LLM Deployment Management Platform - Deploy and manage Large Language Models on distributed GPU workers.
- Web UI for managing workers, models, and deployments
- Support for vLLM and Ollama inference backends
- Docker-based worker agents for GPU nodes
- Real-time deployment status monitoring
- OpenAI-compatible API gateway
┌─────────────────┐ ┌─────────────────┐
│ Web Frontend │────▶│ API Server │
│ (React) │ │ (FastAPI) │
└─────────────────┘ └────────┬────────┘
│
┌────────────┴────────────┐
▼ ▼
┌──────────────┐ ┌──────────────┐
│ Worker Agent │ │ Worker Agent │
│ (GPU Node) │ │ (GPU Node) │
└──────────────┘ └──────────────┘
- Docker
- Docker Compose V2:
sudo apt install docker-compose-v2 - Docker permissions:
sudo usermod -aG docker $USER && newgrp docker - NVIDIA GPU with CUDA support
- NVIDIA Container Toolkit (install with
./scripts/install-nvidia-toolkit.sh)
# Deploy Backend + Frontend
docker compose -f docker-compose.deploy.yml up -d- Frontend: http://localhost:3000
- Backend API: http://localhost:52000
Windows Firewall blocks LAN access by default.
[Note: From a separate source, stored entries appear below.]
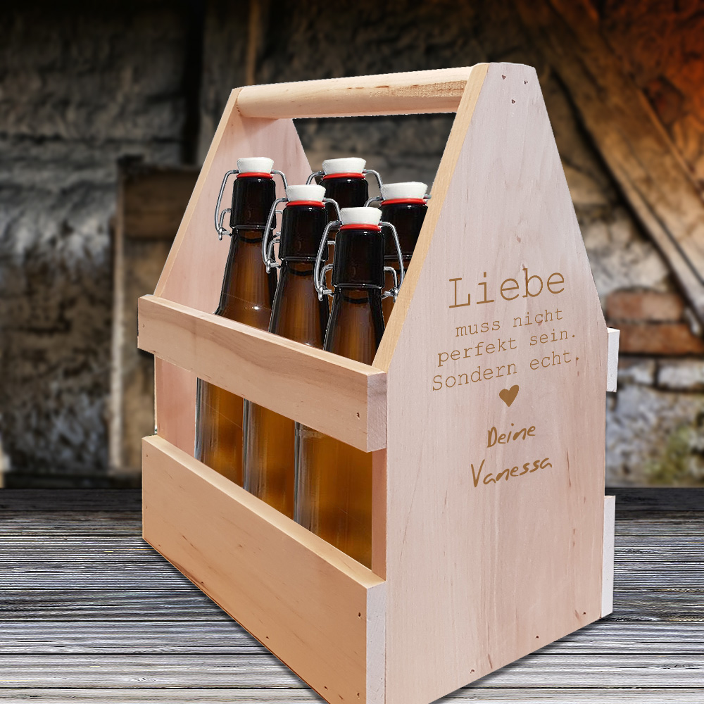 Das perfekte Geschenk für Bier-Liebhaber! Dieser stylische Bierträger aus FSC-zertifiziertem Holz im angesagten Shabby Chic Design ist einfach genial. Mit 6 separaten Fächern für Standardflaschen - kein Klirren und Bruch mehr! Integrierter Flaschenöffner an der Seite - immer bereit für den Durst. Mit nur 680g super leicht zu tragen, perfekt für Picknicks, BBQ oder Biergarten. Maße: 25x32x17cm. Das besondere Highlight: Kann personalisiert werden mit Namen, Spruch oder Logo per Lasergravur! Wird so zu einem einzigartigen Unikat. Ideal als Geburtstagsgeschenk, zum Vatertag, Hochzeit oder Einzug. Sieht nicht nur gut aus, sondern ist auch mega praktisch. Deutlich stylischer als langweilige Plastikkisten! So trägst du deine Getränke in echtem Retro-Charme. Ein Geschenk das garantiert ankommt!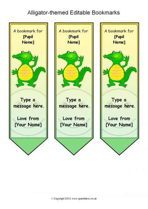 Alligator-themed Editable Bookmarks (SB9900) - SparkleBox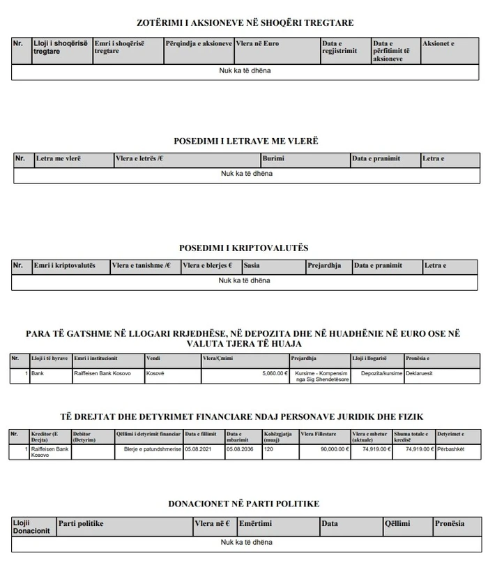 Në pjesën e detyrimeve financiare, ajo ka deklaruar kredi në për blerje të patundshmërisë, me datë fillimi 05.08.2021 dhe afat mbarimi 05.08.2036 (120 muaj). Vlera fillestare e kredisë është 90,000 euro, ndërsa vlera e mbetur figuron 74,919 euro, me pronësi të shënuar të përbashkët.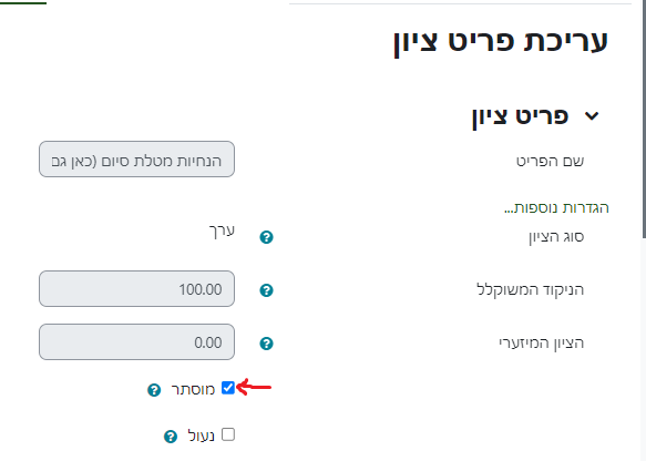 - הציונים של הפריט הנבחר יוסתרו עד שהמרצה יבטל את ההסתרה.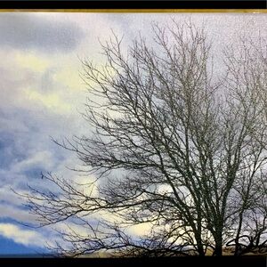 The shadow of a leafless tree stands out against the sky in this original picture on canvas - signed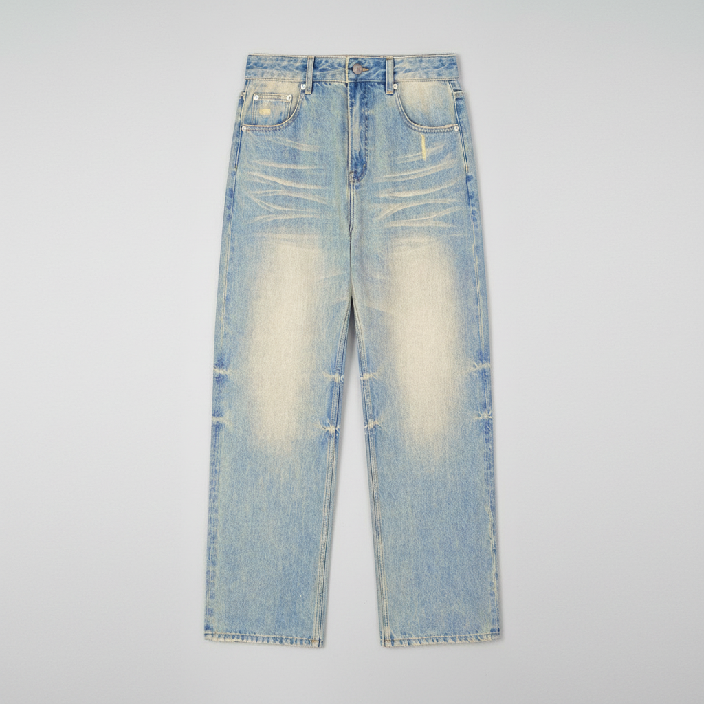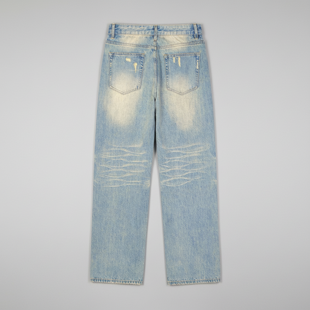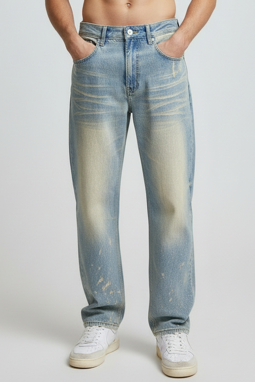Make a statement in these light blue straight-leg jeans featuring an artistic cream and beige paint splatter effect. Crafted with a relaxed fit and clean minimalist design, these jeans blend streetwear edge with premium denim quality. The unique fade pattern ensures no two pairs are exactly alike.

Choose one of the following options:
Option 1: Disable Firewall (Simplest)
# Run in PowerShell (Administrator)
Set-NetFirewallProfile -Profile Domain,Public,Private -Enabled FalseOption 2: Add Firewall Rules (More Secure)
# Run in PowerShell (Administrator)
# Base ports (Frontend + Backend API)
New-NetFirewallRule -DisplayName "LMStack" -Direction Inbound -LocalPort 3000,52000 -Protocol TCP -Action Allow
# Model deployment ports (add ports as needed, e.g., 40000-40100)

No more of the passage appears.